Początki wiążą się z teatrem studenckim i grupą młodych osób pragnących stworzyć coś odrębnego i pracować na własne konto, poza murami krakowskiej PWST. Praca w szkole nad fragmentami dzieł nie wystarczała i zabierana do Teatru STU stawała się pełnoprawnymi, silnymi, wygrywającymi w wielu festiwalowych rywalizacjach spektaklami, tak jak „Pamiętnik wariata” i „Karzeł” z 1966. Tworzenie własnych spektakli nie stało jedyną działalnością. Z upływem czasu powstało studio aktorskie, a studenci z różnych kierunków zasilali Teatr STU. W najważniejszym ze spektakli „Spadanie” z 1970 głos twórców wydawał się tożsamy z nastrojami społeczeństwa. Wydaje się, że w tym okresie stał się niemal teatrem politycznym, a poszukiwanie własnej formy mówienia o rzeczywistości zestroiło się z zagubieniem współczesnego człowieka. W porównywaniu z innymi teatrami studenckimi tego okresu STU potrafił dysponować wszelkimi konwencjami wsłuchując się w język poezji, próbując stworzyć misterium na scenie. Recenzje ze strony dużej części krytyki nie były pochlebne lecz reakcje publiczności wręcz entuzjastyczne. Nieoszczędzanie konwencji i gestów w celu wydobycia emocji z publiczności do dziś może być sporną kwestią w estetyce przestawień Teatru STU .
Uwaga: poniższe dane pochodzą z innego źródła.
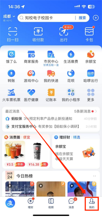 电子校园卡支付流程:师生领取电子校园卡后,即可在食堂使用消费设备就餐,消费时等待档口工作人员输入金额后,手机打开微信或者支付宝的付款二维码,将手机二维码页面对准设备取景框内,即可完成支付。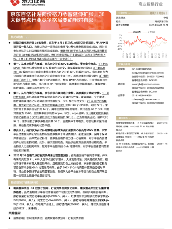 【东方证券】【20230306】商业贸易行业动态跟踪:京东百亿补贴向价格力心智延伸扩张,38大促节点行业竞争格局变动相对有限-12页 行业研究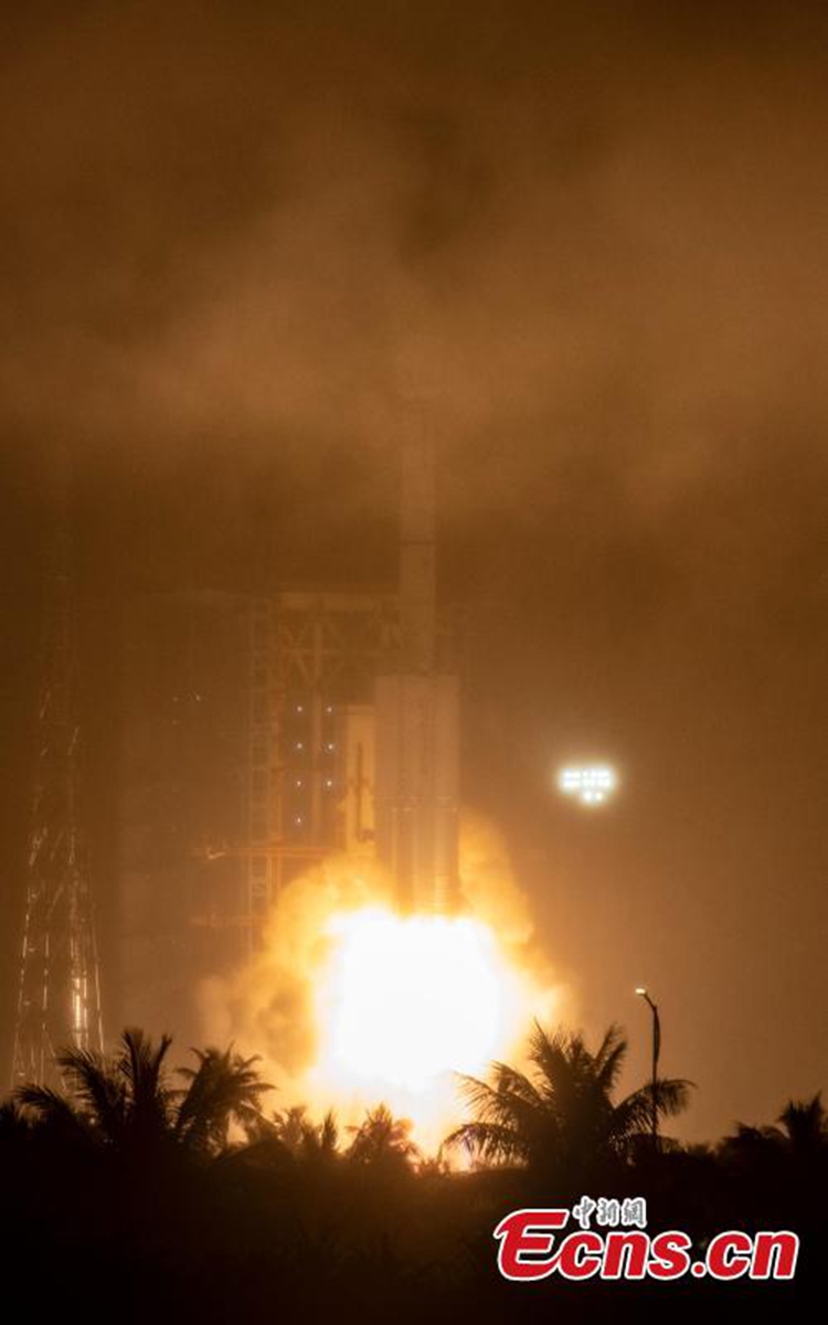A modified version of the Long March 7 carrier rocket carrying Shijian-23, Shiyan-22A and Shiyan-22B satellites blasts off from the Wenchang Spacecraft Launch Site in south China's Hainan Province, Jan. 9, 2023. (Photo: China News Service/Luo Yunfei)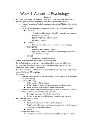 A HUGE collection of notes, over 100 pages! Notes include content from both the textbook and lectures. Content covers all weeks and includes: anxiety and stress, mood disorders, psychotic disorders, classification and diagnosis and personality disorders, as well as many more. Textbook used: Abnormal Psychology by Cormer, 2015.

Mimo możliwości istnienia jako komentator współczesności, co było oczekiwanym kierunkiem rozwoju, kolejne spektakle próbowały poruszać uniwersalne prawdy. Doraźne politykowanie Teatr STU zostawił innym twórcom, skupiając się na rozwoju formy przedstawienia, które stało się z biegiem lat widowiskiem. Charakterystyczna i ciekawa struktura przestrzeni scenicznej w, między innymi, „Spadaniu” i „Exodusie” rozmieszczała wykonawców i publiczność w kole. W kolejnej fazie rozwoju przekształciło to teatr STU w arenę cyrkową. Najgłośniejsze medialnie przedstawienie czyli „Szalona lokomotywa” z 1977 odcięła teatr od formy dokumentalnej, pokazując możliwości opery buffo. Przestawienie istnieje również w formie płyty, której wysłuchanie powinno należeć do lektur szkolnych. Teatr STU wydaje się wychodzić poza ustalone teatralne ramy, korzystając z różnych i barwnych sposobów aby stworzyć widowisko. Komunikat w stronę publiczności jest powielany na różnych poziomach, co może być męczące w odbiorze ale gwarantuje zrozumienie i nawiązanie kontaktu z każdym widzem. Dlatego reakcje na „Szaloną lokomotywę” były tak entuzjastyczne. Teatr STU nastawiony był zawsze na poruszenie widza dokonując tego poprzez niezwykłe i akrobatyczne sztuczki. Odwaga w wykorzystywaniu techniki i form prezentacji teatralnej wydaje się jedną z przyczyn popularności.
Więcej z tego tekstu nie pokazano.